I've finished my rereading of There are Doors, and know the answers 
to some of the questions I asked in my previous post.  Here are some 
answers and some more questions.

The discrepancy in time between the two worlds seems fairly clear. 
Green goes to the other world, and stays there three or four days
(depending on how long he was unconscious after his fall) while 
33 days pass here.  He comes back, stays around 44 months, by 
my count, while four months pass there.
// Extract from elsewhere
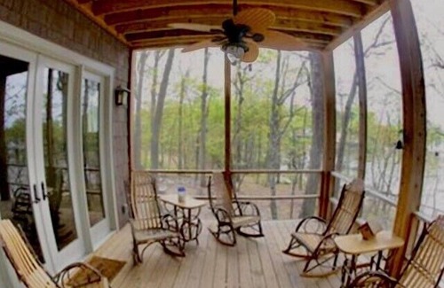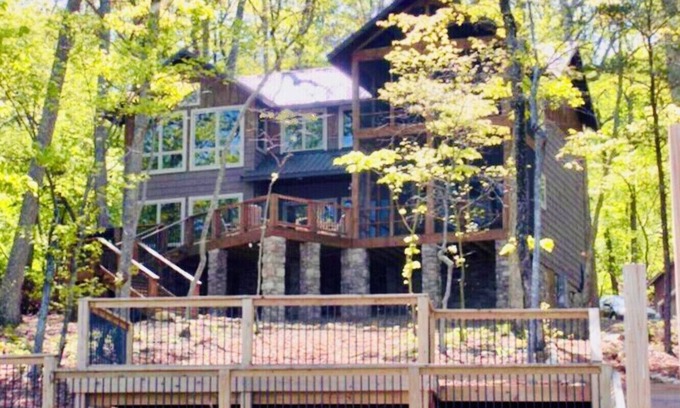 Beautiful rustic, yet sophisticated house built in 2008. It is on a large wooded lot on the main channel of the lake with a really big water view. The best sunset view is from the upper screened-in porch, with the trees silhouetted in between. Blue herons, cranes, and many other birds and wildlife. Hike to the dam on a trail through the woods; enjoy sitting on the dock or swimming and boating off the dock in the summer.

So it looks like he was 
there three days, and time flows in a ratio of eleven to one.  This 
fits with North believing that Nixon should still be president here, 
when it seems to be the mid-eighties (TAD was published in 1988, 
and takes place after the Bell system was broken up in 1984).  
This time flow doesn't gibe with Lara taking Green into the other 
world through a "door into summer" (that has to be a nod to Heinlein) 
in their walk through the park, but maybe goddesses don't have to 
play by the rules.  For all we know, it could have been a door into 
this world's summer.

The hero's last name is Green.  His first name is either Billy or 
Adam - there's evidence for both.  Which one?

I asked "Are there any references to other Wolfe books [besides 
Peace]?"  Maybe.  Doctor Pille was originally named Di, but changed
it for the obvious reason, a possible reference to "The Island of Dr. 
Death and Other Stories."

For a while I thought the explanation for the Kafkaesque episode 
when Green is locked out of the hotel was extremely simple -- that
North had already checked out, so the management didn't think 
anybody was staying there any longer -- rather than Fanny's more 
complicated explanation of "a man protecting a man."  I still like my 
explanation, but unfortunately it doesn't quite seem to fit with North's 
signed confession at the end.  What exactly happened?

There are a number of things I think are references to the myth of
Attis and Cybele.  Attis was dead for three days (as was Christ), 
which he spent in the underworld; Green spends three days (their time)
in the other world.  Green's assumed name - that North gives him 
upon checking into the Grand Hotel - is Pine.  Pine trees are prominent 
in the cult of Attis (Attis mutilated himself under one).  Finally, Attis's 
death and rebirth are associated with the renewal of life in the spring, 
and most of this book takes place in the winter (their world), with spring 
coming at the end.

Most frustratingly, I still don't understand what's going on with Green's 
mother, but I remain convinced it's important.  Is this also connected 
with the Attis mythology?  I looked on the web, and there are apparently
a number of different accounts of Attis's parents (or mother -- in some he
doesn't have a father).  I don't know the mythology well enough to know 
which version Wolfe would likely have in mind.